There are innumerable examples of managers, coaches or catchers using humor to diffuse a tense situation.

Twins coach Rick Stelmaszek, a former catcher, used to startle his pitchers by telling them, "The moon is made of green cheese," and then returning to the plate.

Pitching coach Billy Connors once went out in the 1980 World Series and said to visibly nervous pitcher Renie Martin, "I have one thing to say to you, young man: I love you."

Art Fowler, acting as an emissary for fiery manager Billy Martin, would tell struggling pitchers, "Whatever you're doing, you'd better cut it out, because you're ticking off Billy."

And former A's catcher Ron Hassey, the Mariners' bench coach, went out to the mound in a tight game to speak to Oakland rookie pitcher Todd Burns, who had just been called up hours earlier.

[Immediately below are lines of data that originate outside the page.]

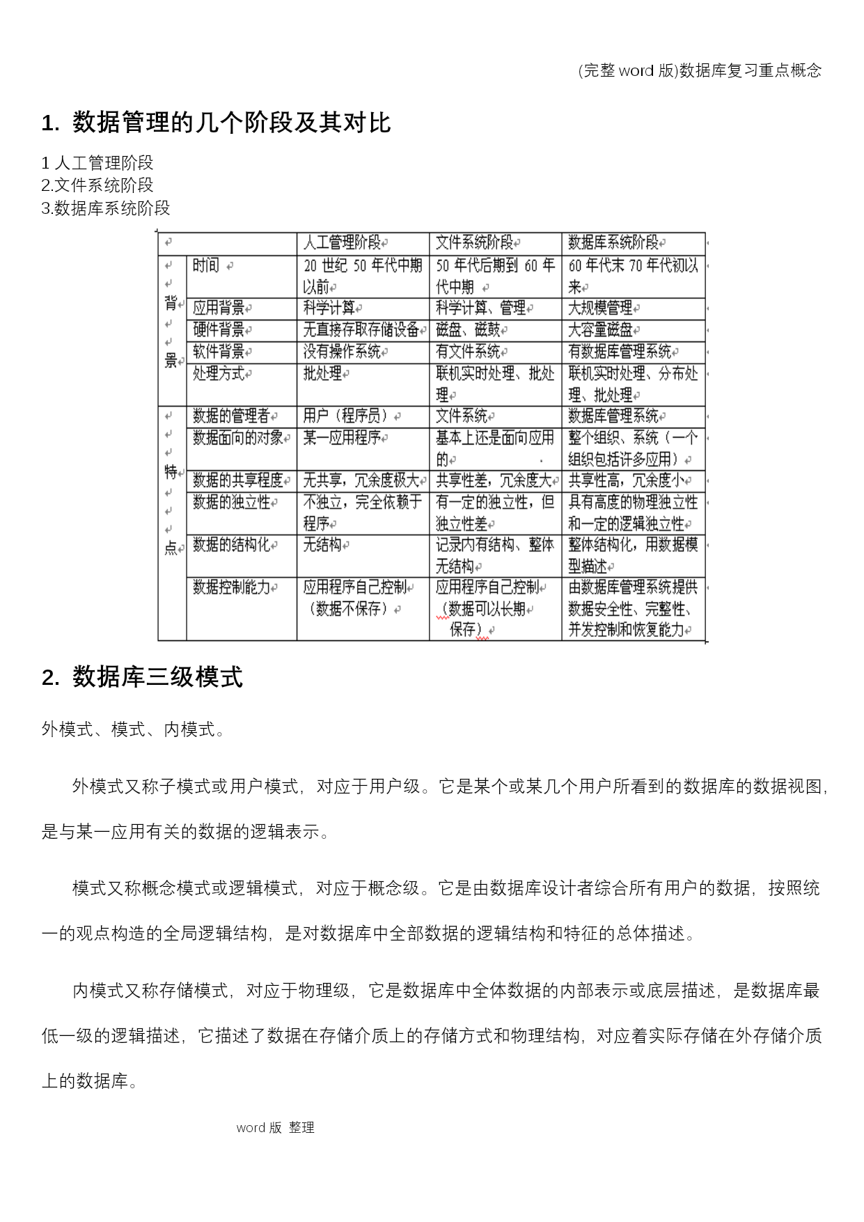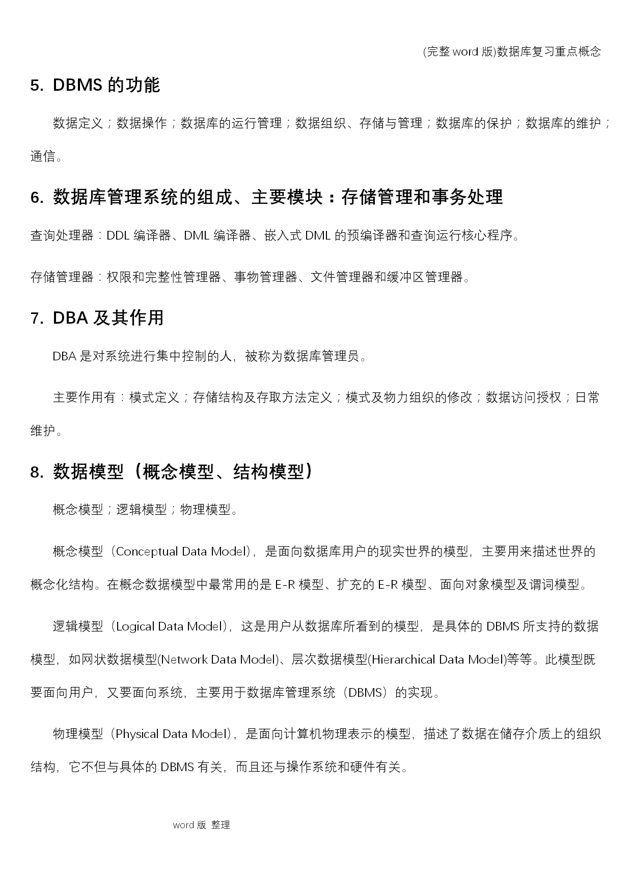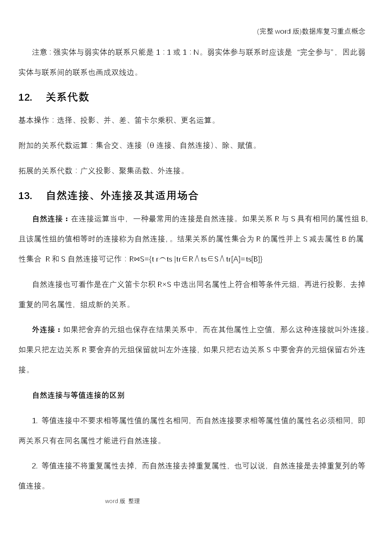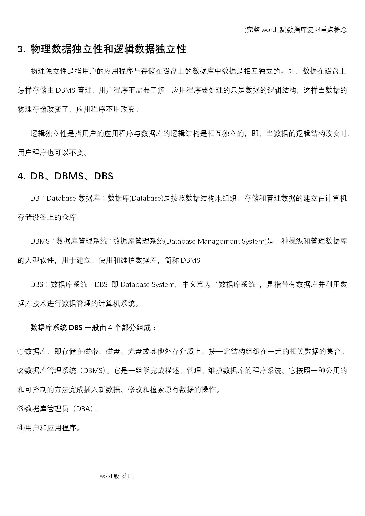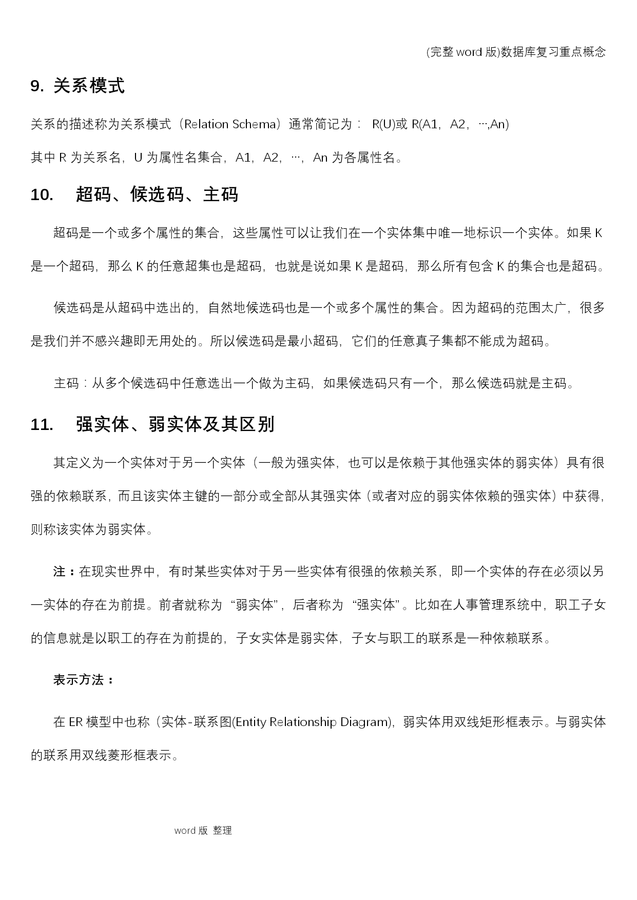 (完整word版)数据库复习重点概念 (完整word版)数据库复习重点概念 word版整理 (完整word版)数据库复习重点概念 数据管理的几个阶段及其对比 1人工管理阶段 2.文件系统阶段 3.数据库系统阶段 数据库三级模式 外模式、模式、内模式。 外模式又称子模式或用户模式,对应于用户级。它是某个或某几个用户所看到的数据库的数据视图,是与某一应用有关的数据的逻辑表示。 模式又称概念模式或逻辑模式,对应于概念级。它是由数据库设计者综合所有用户的数据,按照统一的观点构造的全局逻辑结构,是对数据库中全部数据的逻辑结构和特征的总体描述。 内模式又称存储模式,对应于物理级,它是数据库中全体数据的内部表示或底层描述,是数据库最低一级的逻辑描述,它描述了数据在存储介质上的存储方式和物理结构,对应着实际存储在外存储介质上的数据库。 物理数据独立性和逻辑数据独立性 物理独立性是指用户的应用程序与存储在磁盘上的数据库中数据是相互独立的。即,数据在磁盘上怎样存储由DBMS管理,用户程序不需要了解,应用程序要处理的只是数据的逻辑结构,这样当数据的物理存储改变了,应用程序不用改变。 逻辑独立性是指用户的应用程序与数据库的逻辑结构是相互独立的,即,当数据的逻辑结构改变时,用户程序也可以不变。 DB、DBMS、DBS DB:Database数据库:数据库(Database)是按照数据结构来组织、存储和管理数据的建立在计算机存储设备上的仓库。 DBMS:数据库管理系统:数据库管理系统(DatabaseManagementSystem)是一种操纵和管理数据库的大型软件,用于建立、使用和维护数据库,简称DBMS DBS:数据库系统:DBS即DatabaseSystem,中文意为“数据库系统”,是指带有数据库并利用数据库技术进行数据管理的计算机系统。 数据库系统DBS一般由4个部分组成: ①数据库,即存储在磁带、磁盘、光盘或其他外存介质上、按一定结构组织在一起的相关数据的集合。 ②数据库管理系统(DBMS)。它是一组能完成描述、管理、维护数据库的程序系统。它按照一种公用的和可控制的方法完成插入新数据、修改和检索原有数据的操作。 ③数据库管理员(DBA)。 ④用户和应用程序。 DBMS的功能 数据定义;数据操作;数据库的运行管理;数据组织、存储与管理;数据库的保护;数据库的维护;通信。 数据库管理系统的组成、主要模块:存储管理和事务处理 查询处理器:DDL编译器、DML编译器、嵌入式DML的预编译器和查询运行核心程序。 存储管理器:权限和完整性管理器、事物管理器、文件管理器和缓冲区管理器。 DBA及其作用 DBA是对系统进行集中控制的人,被称为数据库管理员。 主要作用有:模式定义;存储结构及存取方法定义;模式及物力组织的修改;数据访问授权;日常维护。 数据模型(概念模型、结构模型) 概念模型;逻辑模型;物理模型。 概念模型(ConceptualDataModel),是面向数据库用户的现实世界的模型,主要用来描述世界的概念化结构。在概念数据模型中最常用的是E-R模型、扩充的E-R模型、面向对象模型及谓词模型。 逻辑模型(LogicalDataModel),这是用户从数据库所看到的模型,是具体的DBMS所支持的数据模型,如网状数据模型(NetworkDataModel)、层次数据模型(HierarchicalDataModel)等等。此模型既要面向用户,又要面向系统,主要用于数据库管理系统(DBMS)的实现。 物理模型(PhysicalDataModel),是面向计算机物理表示的模型,描述了数据在储存介质上的组织结构,它不但与具体的DBMS有关,而且还与操作系统和硬件有关。 关系模式 关系的描述称为关系模式(RelationSchema)通常简记为:R(U)或R(A1,A2,…,An) 其中R为关系名,U为属性名集合,A1,A2,…,An为各属性名。 超码、候选码、主码 超码是一个或多个属性的集合,这些属性可以让我们在一个实体集中唯一地标识一个实体。如果K是一个超码,那么K的任意超集也是超码,也就是说如果K是超码,那么所有包含K的集合也是超码。 候选码是从超码中选出的,自然地候选码也是一个或多个属性的集合。因为超码的范围太广,很多是我们并不感兴趣即无用处的。所以候选码是最小超码,它们的任意真子集都不能成为超码。 主码:从多个候选码中任意选出一个做为主码,如果候选码只有一个,那么候选码就是主码。 强实体、弱实体及其区别 其定义为一个实体对于另一个实体(一般为强实体,也可以是依赖于其他强实体的弱实体)具有很强的依赖联系,而且该实体主键的一部分或全部从其强实体(或者对应的弱实体依赖的强实体)中获得,则称该实体为弱实体。 注:在现实世界中,有时某些实体对于另一些实体有
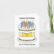 Image simple d'un gâteau d'anniversaire blanc décoré de bougies éclairées et d'un arc jaune attaché autour. Les mots "Joyeux anniversaire à mon pote de pilates" accompagnent l'image.
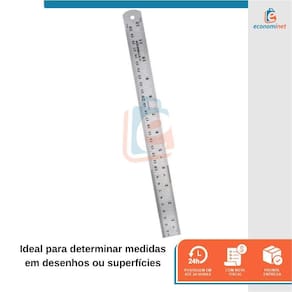 A Régua Aço é ideal para determinar medidas em desenhos ou superfícies, medição em escala de milímetros e polegadas, utilizada em vários segmentos, como: costura e patchwork, desenhos, marcenaria, construção civil, indústrias, entre outros. Produzida em aço inox, oferece alta resistência, possui tabela de conversão de unidades no verso e excelente para trabalhos de corte com estilete.
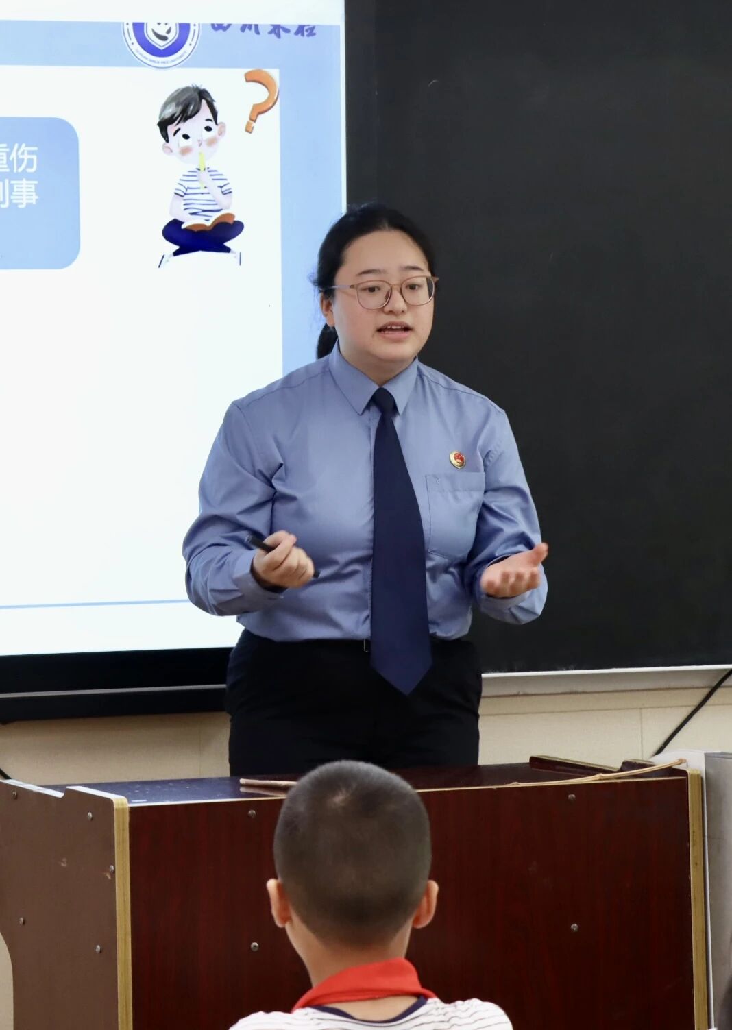 案例里藏着“防欺凌密码”。“给同学起侮辱性绰号算欺凌吗?”“看到有人故意藏同学的课本该怎么办?”检察官没有讲枯燥法条,而是把孩子们可能遇到的真实场景搬进课堂,用一个个接地气的小故事,解析“校园欺凌的边界”“被欺凌时的正确应对”。一双双稚嫩好奇的眼睛被台上生动有趣的释法说理吸引,他们时而为案例中“被欺负的同学”皱起眉头,时而为“勇敢说不”的办法点头——原来保护自己、尊重他人,还有这么多“小技巧”!
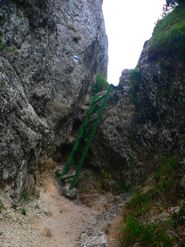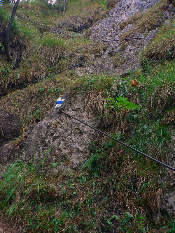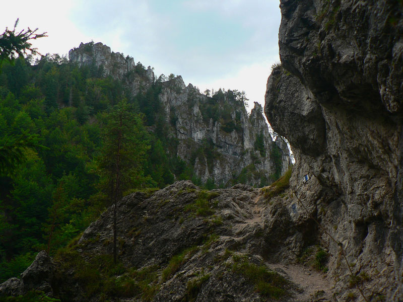 Nasleduje poriadne prudký zostup dolu z Bobot k asfaltke a rovnako prudký výstup na Malé nocľahy v masíve Sokolia. Zo dve krátke reťaze na pomoc, do Sokolia aj schodíky, ale hlavne veľa skál, veží, vežičiek nad hlavou a pod nohami ešte viac voľnej sute. Radosť padať :-) Len na to že sme v NPR Tiesňavy, dosť zaskočí pohľad na výsek s elektrickým vedením - priamo pomedzi skalné veže. Slovenská realita...
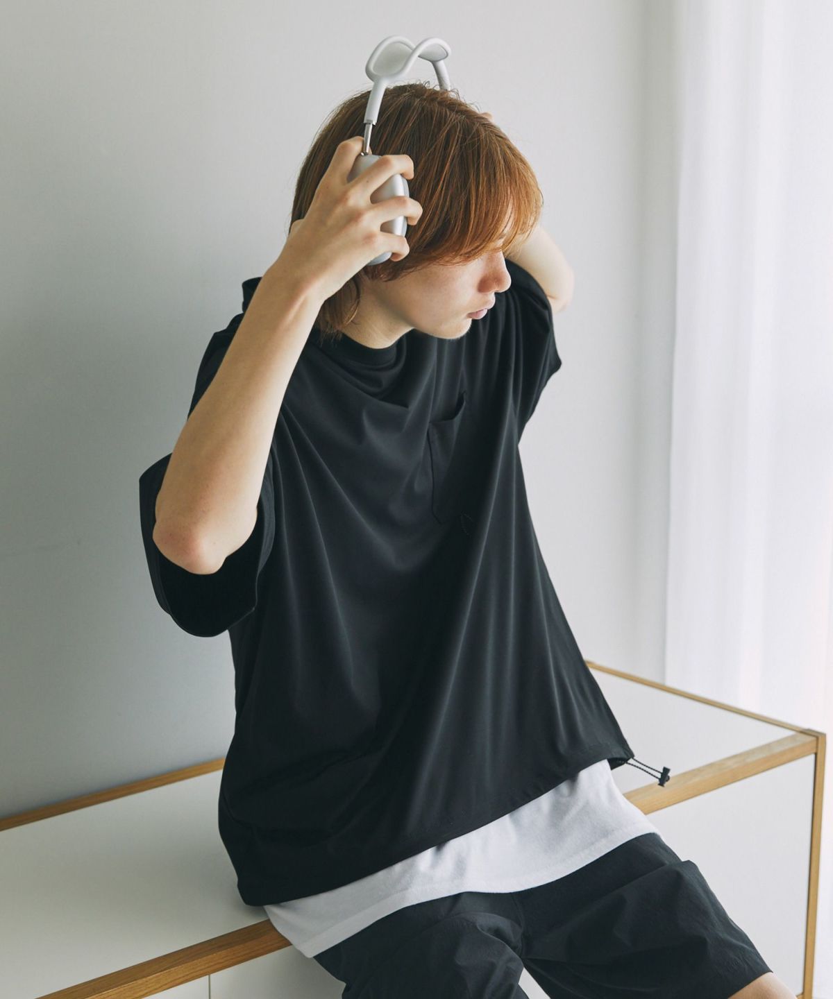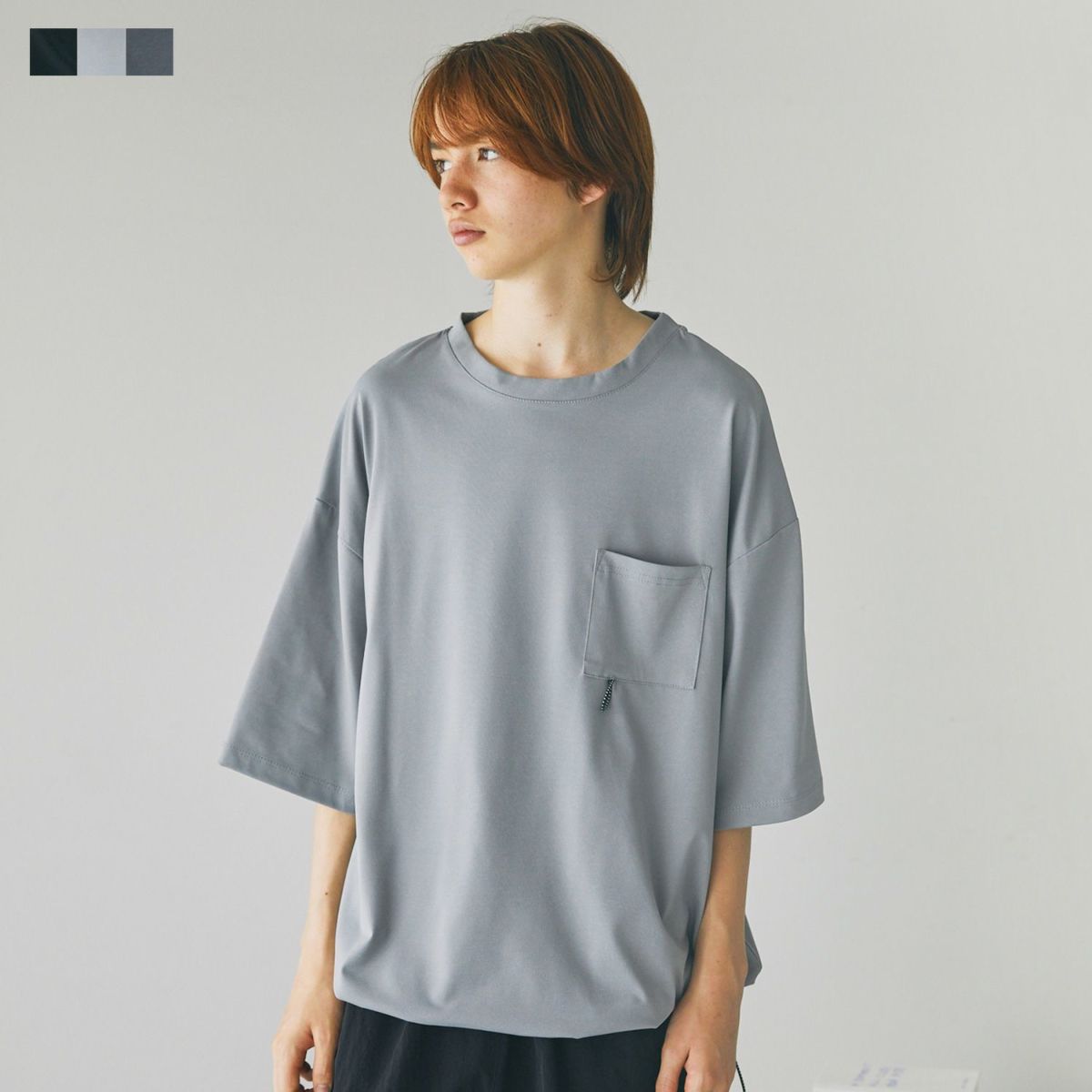 UVカット&ストレッチ ポリエステル天竺ビッグ半袖/5分袖Tシャツ ドローコード

"Who are you?" Hassey asked him.

10) Misery loves company

Ex-Dodgers pitcher Burt Hooton once was advised on what pitch to throw by his pitching coach, Red Adams. The batter hit a three-run home run. A furious Hooton returned to the bench, and sat next to Adams. The opposing pitcher got into a jam the next inning, putting two runners on base, causing his own pitching coach to trot to the mound.

Hooton yelled out, "Tell him the same thing Red told me!"